▶ [Work request] Copy nothing but the lines below, from the one with "၁၆-၆-၂၀၂၁ ရက်က လှိုင်သာယာမြို့နယ်" through the one with "Диксенс, Стойка приемной.", exactly as written; no pictures should appear.

(Material shown begins)

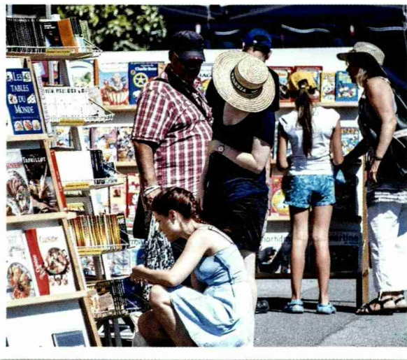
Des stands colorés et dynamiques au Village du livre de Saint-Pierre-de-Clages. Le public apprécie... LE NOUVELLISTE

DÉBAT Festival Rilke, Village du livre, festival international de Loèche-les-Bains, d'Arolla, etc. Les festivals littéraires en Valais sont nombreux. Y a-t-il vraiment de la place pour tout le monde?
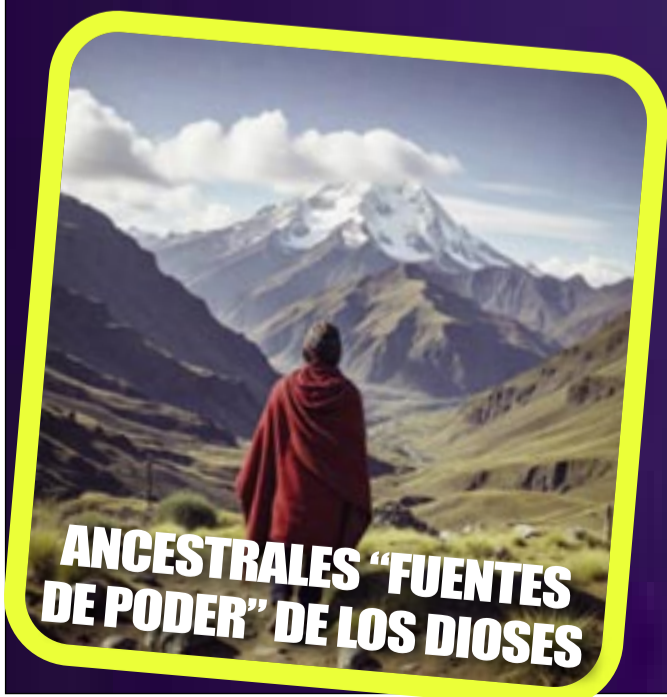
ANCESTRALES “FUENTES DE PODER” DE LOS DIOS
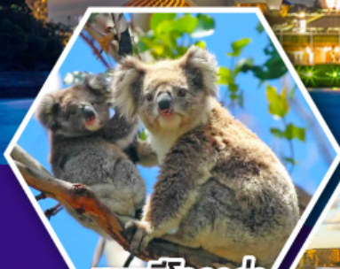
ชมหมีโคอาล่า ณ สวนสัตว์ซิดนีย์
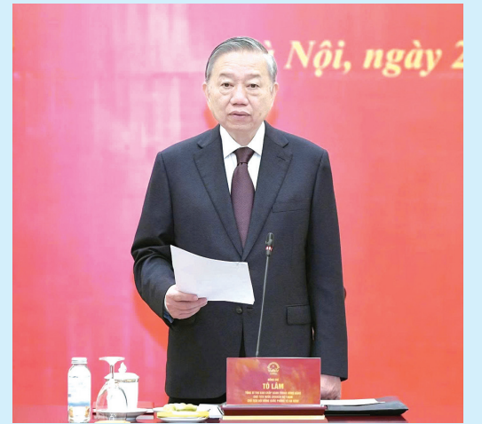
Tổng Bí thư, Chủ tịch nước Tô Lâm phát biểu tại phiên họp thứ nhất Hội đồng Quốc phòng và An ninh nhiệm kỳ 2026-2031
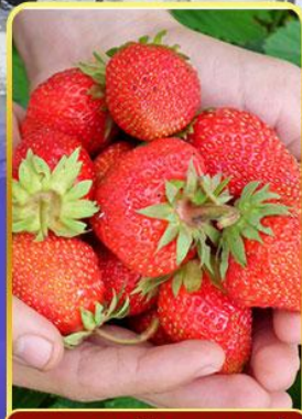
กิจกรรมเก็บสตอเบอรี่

(Material shown ends)
(Material shown begins)

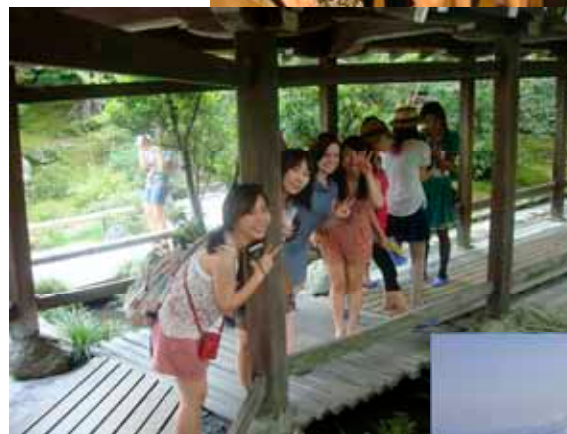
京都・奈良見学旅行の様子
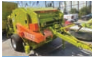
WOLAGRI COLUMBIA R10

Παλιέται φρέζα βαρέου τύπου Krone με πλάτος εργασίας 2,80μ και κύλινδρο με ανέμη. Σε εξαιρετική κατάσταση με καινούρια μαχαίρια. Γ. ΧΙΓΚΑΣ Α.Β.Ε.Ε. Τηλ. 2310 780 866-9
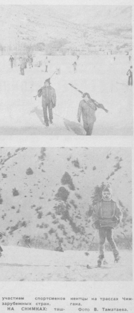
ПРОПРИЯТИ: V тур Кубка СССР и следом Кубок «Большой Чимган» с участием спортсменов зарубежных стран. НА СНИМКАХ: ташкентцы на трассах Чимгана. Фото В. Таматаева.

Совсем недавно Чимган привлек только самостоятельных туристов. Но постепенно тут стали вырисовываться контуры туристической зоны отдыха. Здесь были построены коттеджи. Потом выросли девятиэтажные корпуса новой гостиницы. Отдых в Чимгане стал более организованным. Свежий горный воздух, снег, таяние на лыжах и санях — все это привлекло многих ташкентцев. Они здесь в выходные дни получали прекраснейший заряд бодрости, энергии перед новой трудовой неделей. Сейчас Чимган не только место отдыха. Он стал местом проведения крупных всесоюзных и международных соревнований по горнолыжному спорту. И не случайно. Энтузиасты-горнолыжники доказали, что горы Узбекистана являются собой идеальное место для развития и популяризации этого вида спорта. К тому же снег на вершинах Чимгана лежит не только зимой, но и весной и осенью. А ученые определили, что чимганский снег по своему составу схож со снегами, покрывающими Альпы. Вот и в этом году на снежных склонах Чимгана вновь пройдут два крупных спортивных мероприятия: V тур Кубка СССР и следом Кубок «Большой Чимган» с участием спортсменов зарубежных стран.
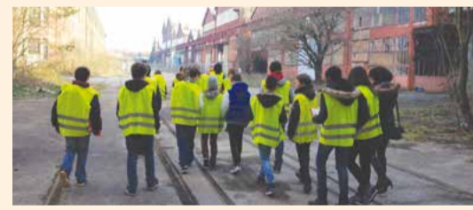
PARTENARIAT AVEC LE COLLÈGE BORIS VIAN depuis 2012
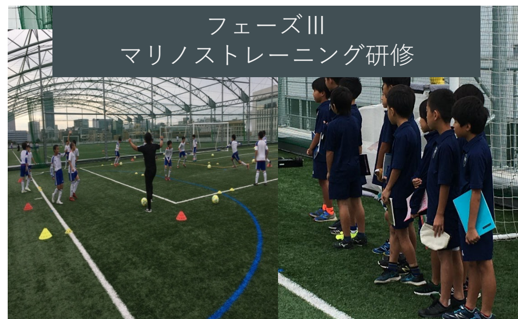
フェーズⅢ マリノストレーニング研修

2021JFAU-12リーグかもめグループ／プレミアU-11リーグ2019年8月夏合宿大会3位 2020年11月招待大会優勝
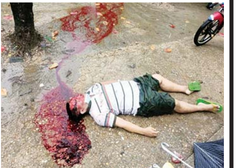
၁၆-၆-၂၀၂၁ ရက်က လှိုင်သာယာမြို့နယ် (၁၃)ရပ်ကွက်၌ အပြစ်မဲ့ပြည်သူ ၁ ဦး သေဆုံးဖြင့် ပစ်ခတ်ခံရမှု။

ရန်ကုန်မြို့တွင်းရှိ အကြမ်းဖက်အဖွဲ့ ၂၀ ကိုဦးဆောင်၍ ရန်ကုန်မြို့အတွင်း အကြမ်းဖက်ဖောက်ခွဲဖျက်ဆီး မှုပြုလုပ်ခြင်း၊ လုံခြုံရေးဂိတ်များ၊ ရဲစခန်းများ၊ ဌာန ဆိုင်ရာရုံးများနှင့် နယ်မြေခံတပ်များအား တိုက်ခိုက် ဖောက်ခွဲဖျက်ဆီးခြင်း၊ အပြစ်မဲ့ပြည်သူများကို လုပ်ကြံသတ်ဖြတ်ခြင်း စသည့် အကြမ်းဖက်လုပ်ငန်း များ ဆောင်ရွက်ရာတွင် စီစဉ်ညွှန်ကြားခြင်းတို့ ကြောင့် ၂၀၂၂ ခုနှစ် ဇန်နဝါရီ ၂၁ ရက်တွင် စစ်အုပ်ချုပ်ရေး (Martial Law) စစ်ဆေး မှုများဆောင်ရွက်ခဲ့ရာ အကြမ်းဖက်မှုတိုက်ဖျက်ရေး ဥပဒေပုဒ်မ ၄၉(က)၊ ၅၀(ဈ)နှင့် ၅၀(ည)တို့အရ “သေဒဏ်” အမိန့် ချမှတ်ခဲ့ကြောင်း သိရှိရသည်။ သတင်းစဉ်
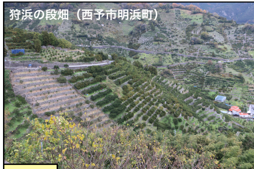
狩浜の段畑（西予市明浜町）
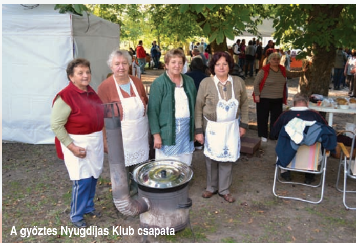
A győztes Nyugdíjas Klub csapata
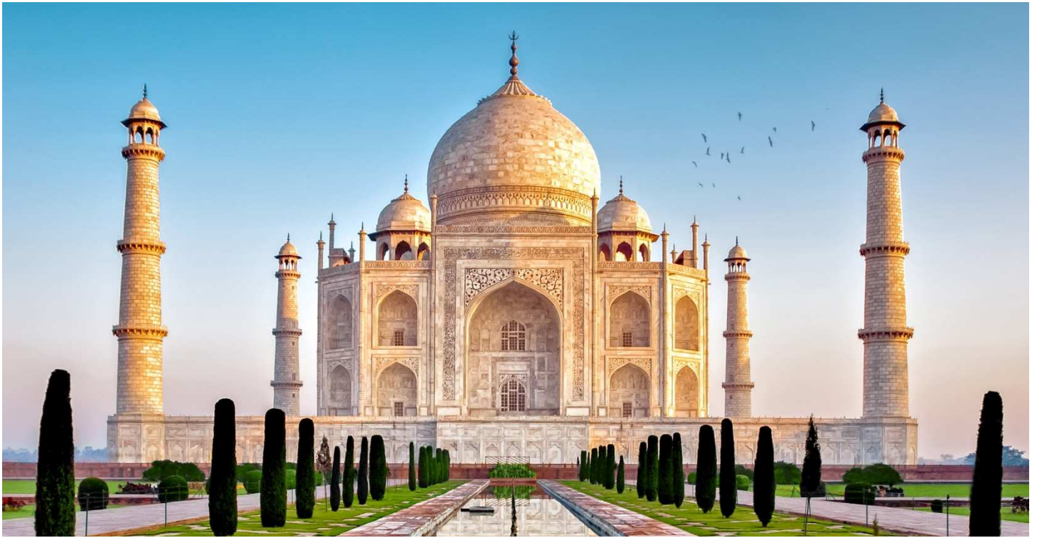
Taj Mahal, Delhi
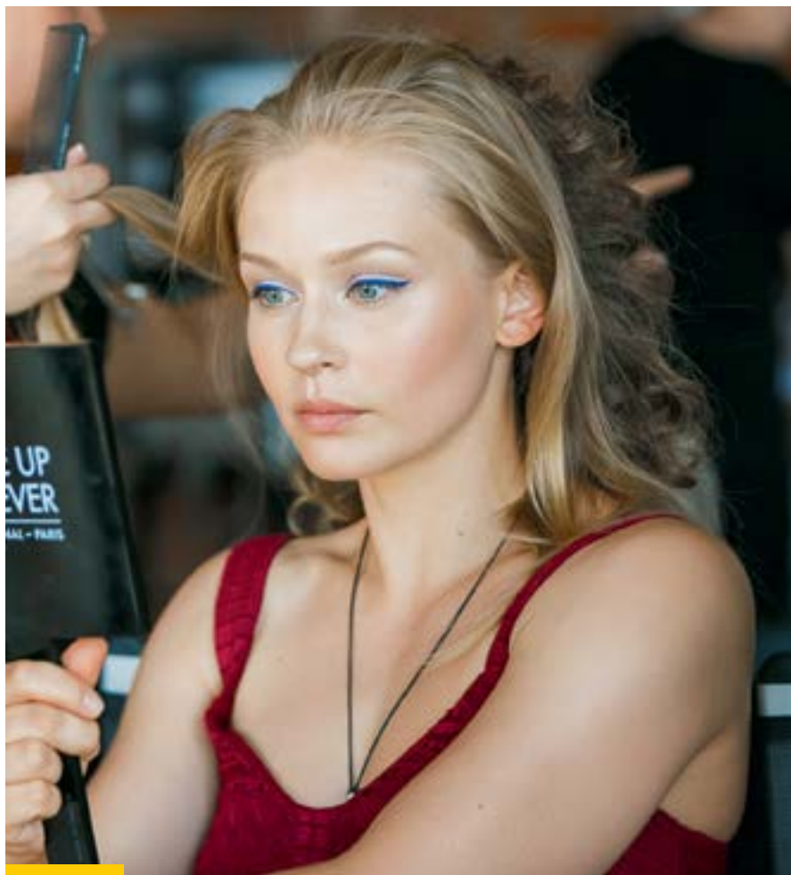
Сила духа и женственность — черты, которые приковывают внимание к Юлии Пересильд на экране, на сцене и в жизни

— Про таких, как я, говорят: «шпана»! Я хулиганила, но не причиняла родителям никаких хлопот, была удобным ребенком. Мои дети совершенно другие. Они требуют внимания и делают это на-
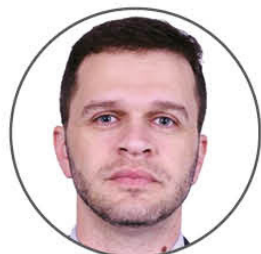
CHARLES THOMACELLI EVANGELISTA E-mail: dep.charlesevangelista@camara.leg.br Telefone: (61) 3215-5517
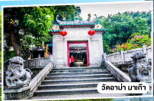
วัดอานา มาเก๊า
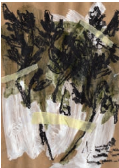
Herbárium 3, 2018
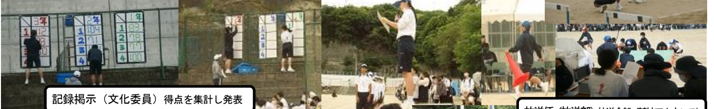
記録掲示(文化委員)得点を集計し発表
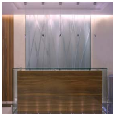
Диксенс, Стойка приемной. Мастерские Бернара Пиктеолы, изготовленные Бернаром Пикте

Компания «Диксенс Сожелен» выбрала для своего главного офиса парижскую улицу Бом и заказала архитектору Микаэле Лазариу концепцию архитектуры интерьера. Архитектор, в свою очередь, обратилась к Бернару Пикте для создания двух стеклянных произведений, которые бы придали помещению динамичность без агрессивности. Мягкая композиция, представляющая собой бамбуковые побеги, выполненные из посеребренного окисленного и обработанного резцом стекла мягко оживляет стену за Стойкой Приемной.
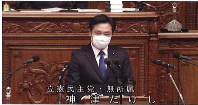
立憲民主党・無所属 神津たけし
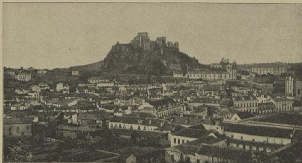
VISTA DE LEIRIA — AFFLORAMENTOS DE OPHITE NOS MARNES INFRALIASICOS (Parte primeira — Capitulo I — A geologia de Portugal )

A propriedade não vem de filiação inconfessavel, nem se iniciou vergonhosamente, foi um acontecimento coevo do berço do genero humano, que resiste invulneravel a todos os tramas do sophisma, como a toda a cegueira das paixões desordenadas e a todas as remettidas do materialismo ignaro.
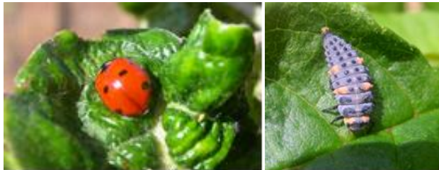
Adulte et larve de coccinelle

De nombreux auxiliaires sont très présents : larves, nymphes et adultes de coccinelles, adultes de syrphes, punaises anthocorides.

(Material shown ends)

▶ [Task output]
၁၆-၆-၂၀၂၁ ရက်က လှိုင်သာယာမြို့နယ် (၁၃)ရပ်ကွက်၌ အပြစ်မဲ့ပြည်သူ ၁ ဦး သေဆုံးဖြင့် ပစ်ခတ်ခံရမှု။

ရန်ကုန်မြို့တွင်းရှိ အကြမ်းဖက်အဖွဲ့ ၂၀ ကိုဦးဆောင်၍ ရန်ကုန်မြို့အတွင်း အကြမ်းဖက်ဖောက်ခွဲဖျက်ဆီး မှုပြုလုပ်ခြင်း၊ လုံခြုံရေးဂိတ်များ၊ ရဲစခန်းများ၊ ဌာန ဆိုင်ရာရုံးများနှင့် နယ်မြေခံတပ်များအား တိုက်ခိုက် ဖောက်ခွဲဖျက်ဆီးခြင်း၊ အပြစ်မဲ့ပြည်သူများကို လုပ်ကြံသတ်ဖြတ်ခြင်း စသည့် အကြမ်းဖက်လုပ်ငန်း များ ဆောင်ရွက်ရာတွင် စီစဉ်ညွှန်ကြားခြင်းတို့ ကြောင့် ၂၀၂၂ ခုနှစ် ဇန်နဝါရီ ၂၁ ရက်တွင် စစ်အုပ်ချုပ်ရေး (Martial Law) စစ်ဆေး မှုများဆောင်ရွက်ခဲ့ရာ အကြမ်းဖက်မှုတိုက်ဖျက်ရေး ဥပဒေပုဒ်မ ၄၉(က)၊ ၅၀(ဈ)နှင့် ၅၀(ည)တို့အရ “သေဒဏ်” အမိန့် ချမှတ်ခဲ့ကြောင်း သိရှိရသည်။ သတင်းစဉ်
狩浜の段畑（西予市明浜町）
A győztes Nyugdíjas Klub csapata
Taj Mahal, Delhi
Сила духа и женственность — черты, которые приковывают внимание к Юлии Пересильд на экране, на сцене и в жизни

— Про таких, как я, говорят: «шпана»! Я хулиганила, но не причиняла родителям никаких хлопот, была удобным ребенком. Мои дети совершенно другие. Они требуют внимания и делают это на-
CHARLES THOMACELLI EVANGELISTA E-mail: dep.charlesevangelista@camara.leg.br Telefone: (61) 3215-5517
วัดอานา มาเก๊า
Herbárium 3, 2018
記録掲示(文化委員)得点を集計し発表
Диксенс, Стойка приемной. Мастерские Бернара Пиктеолы, изготовленные Бернаром Пикте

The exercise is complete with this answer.